Pubsub
Docker container running on a GCE instance.
No intermittent auth errors.
We occasionally see
rpc error: code = Unauthenticated desc = Request had invalid authentication
credentials. Expected OAuth 2 access token, login cookie or other valid authentication
credential. See https://developers.google.com/identity/sign-in/web/devconsole-project.
From sub.Receive. If we wrap the Receive call in a retry, this issue clears up within about a second.
Running on 0.25.0 of this library.
Also have seen rpc error: code = Unavailable desc = Authentication backend unavailable.
And rpc error: code = Unavailable desc = there is no connection available
As well as rpc error: code = Unavailable desc = the connection is draining.
Would this last one occur because we cancelled the context?
Are you using a service account or the default credentials? You should always use a service account in production. See #1047.
We are definitely using a service account with the instance.
Do we need to do anything special when creating the pubsub client and receiving to use the service account credentials?
@jba whats the file name?
If we're running the instance under the service account, do we need to do that?
@broady @jadekler @zombiezen any thoughts here?
Hi @nhooyr. When you create a service account, the next step is to create a key for that service account. The key is downloaded in the form of a JSON file.
Now that you have a json file - let's say it lives at /private/creds.json - you can do:
client, err := pubsub.NewClient(ctx, projID, option.WithCredentialsFile("/private/creds.json"))

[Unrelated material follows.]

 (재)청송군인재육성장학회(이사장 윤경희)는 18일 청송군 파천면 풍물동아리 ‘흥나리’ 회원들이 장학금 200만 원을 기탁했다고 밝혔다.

Without this option, it's likely using default credentials which I believe are more transient - and therefore liable to failure (spitballing, but it's a reasonable guess as to why you're seeing errors I think).

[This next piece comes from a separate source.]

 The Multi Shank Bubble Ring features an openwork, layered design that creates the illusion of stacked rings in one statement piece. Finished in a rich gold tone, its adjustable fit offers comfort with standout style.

If we're running the instance under the service account, do we need to do that?
I believe so, yes.
@jadekler
That seems wrong to me. Your linked documentation says
To use a service account outside of the Google Cloud Platform (on other platforms or on premise), you must establish the identity of the service account. Public/private key pairs will let you do that.
Those keys are only for when using a service account outside of GCP.
We sshed into an instance where this intermittent errors were occurring and ran:
$ toolbox
$ gcloud auth list
And there was only one account listed, the service account. So I don't think it because we're using the wrong credentials.
@nhooyr it's quite common to use service accounts like this even within GCP. You /must/ use a service account key outside GCP. When running inside GCP, you can use the metadata server, but you can /also/ use a service account key. Additionally, using the metadata server /does/ mean you end up using a service account (the default service account).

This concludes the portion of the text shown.